May. 21st, 2007 05:12 pm
learnteach: (kissing)
[personal profile] learnteach
Usta be.

Reflection on roles.



I'm undergoing some existential angst here, on top of the difficult school system and the general life issues. It's not a big thing, but I thought I'd throw it out of my forebrain and onto the internet where it wouldn't bother me so much.

(Could be worse...usually it's Existential Blues! http://lyricsplayground.com/alpha/songs/e/existentialblues.shtml)

Ya see, I usta be...a lot of things that I'm not anymore. Haven't put the time in. Haven't been keeping up on the dues.

Usta be an engineer. I forget how strong a part of my personality that was. It's been 3 years since I designed/set up/hacked anything more interesting than basic computer electronics. I teach engineering, but am I really an engineer?

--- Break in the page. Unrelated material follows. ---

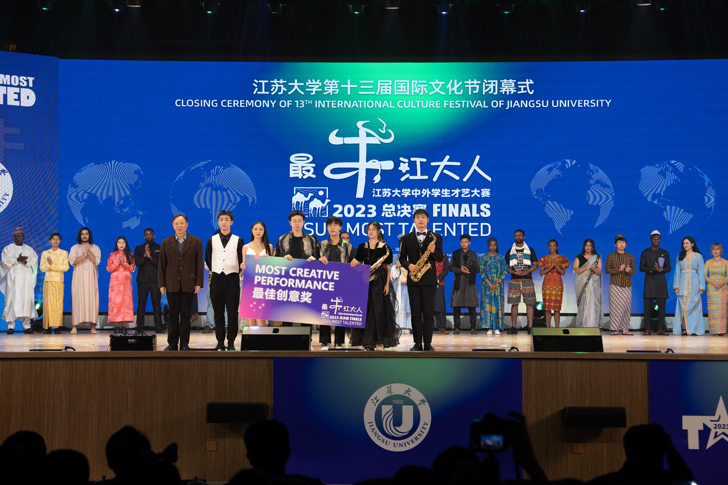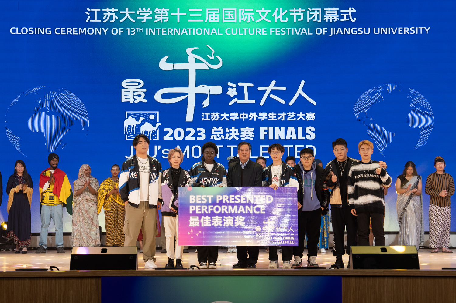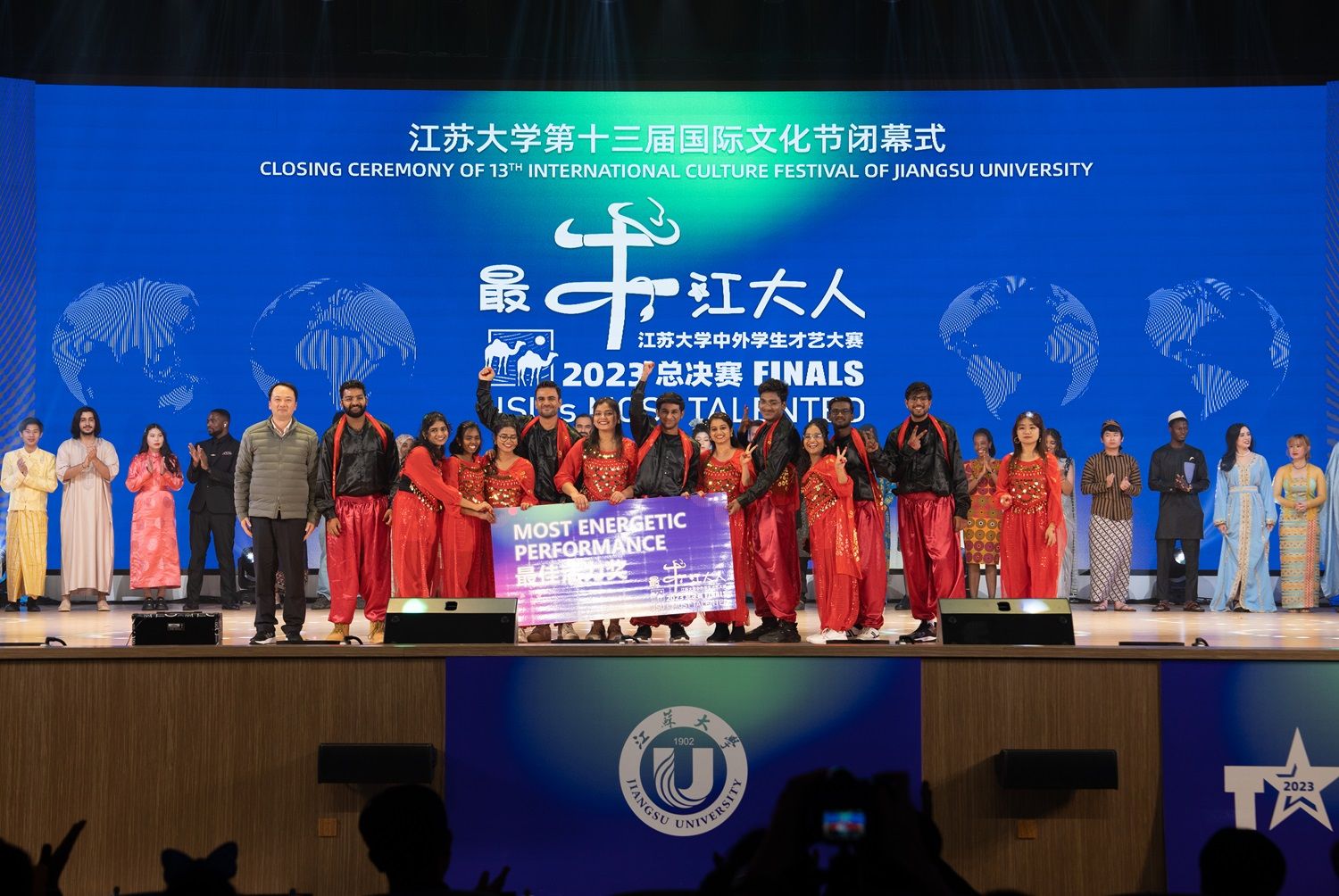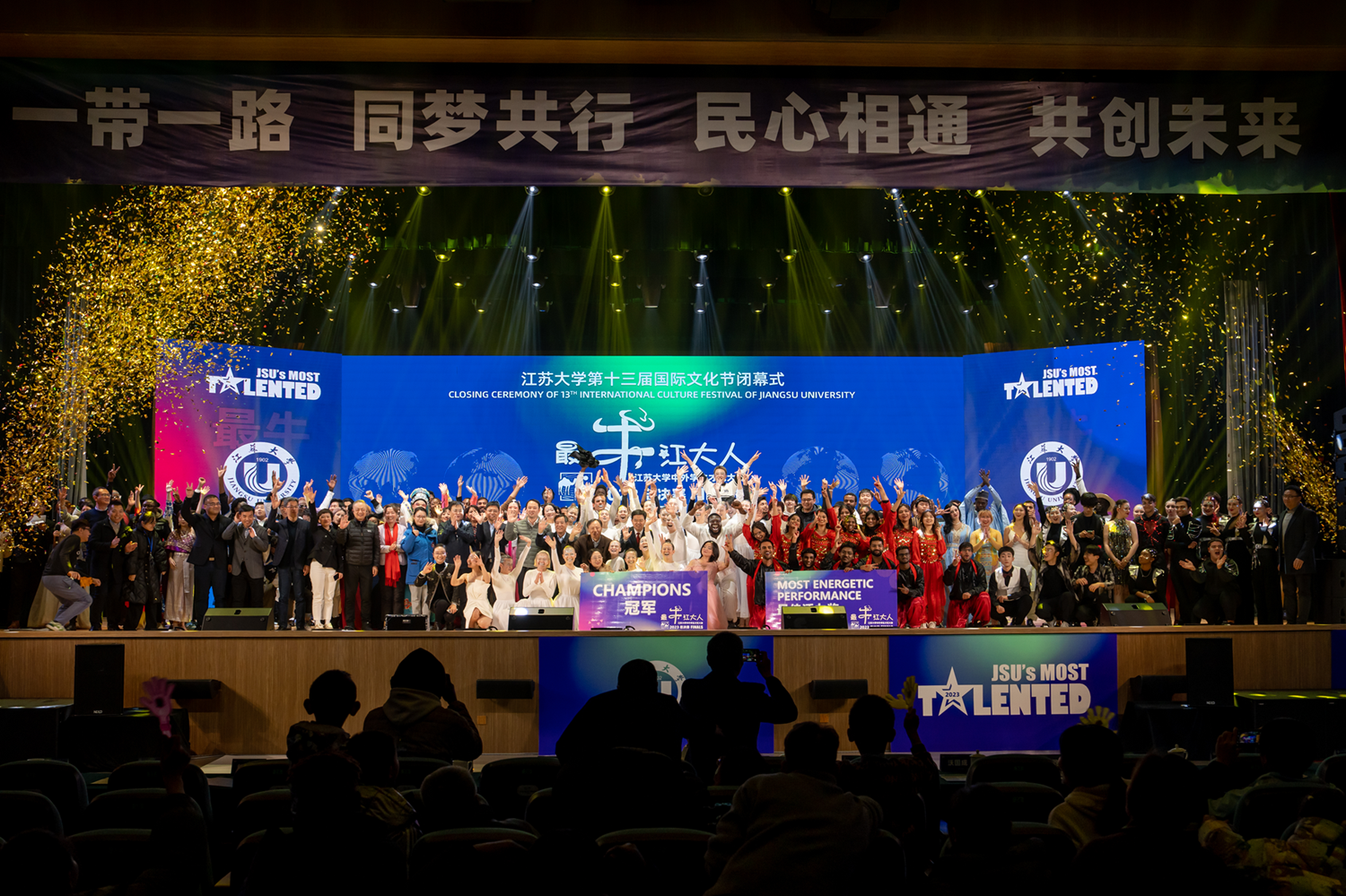12月16日,第十三届国际文化节闭幕式暨2023“最牛江大人”中外学生才艺大赛总决赛在大礼堂举行。来自世界各地、五湖四海的1600余名中外师生欢聚一堂,庆祝共建“一带一路”倡议十周年,共享文化交融盛会。总决赛由校党委宣传部、团委、海外教育学院联合主办。

Usta be a martial artist. Not doing much of that in any form these days. Dojo-kun, continual practice, self improvement, arguing philosophy while drinking sake, just not doing it.

Usta be a motorcyclist. Never a biker. Now, I just ride a bike occasionally.

Wanted to be a teacher. Have found, at least at the high school science level, that I'm not cut out for it--not making me very happy. Not making me ANY money.

Usta, wanted to...what am I now?

Existential blues.

Date: 2007-05-23 12:15 am (UTC)
From: [identity profile] collie13.livejournal.com
A thought: do you still want to do any of your "useta's"? If not, why lament their passing? Didn't you have fun doing them? Remember that instead. And if so, why not find partners to do them with? I know I want to start doing aikido again, and I'm sure there are plenty of folks in the SCA who'd love to do more things with you.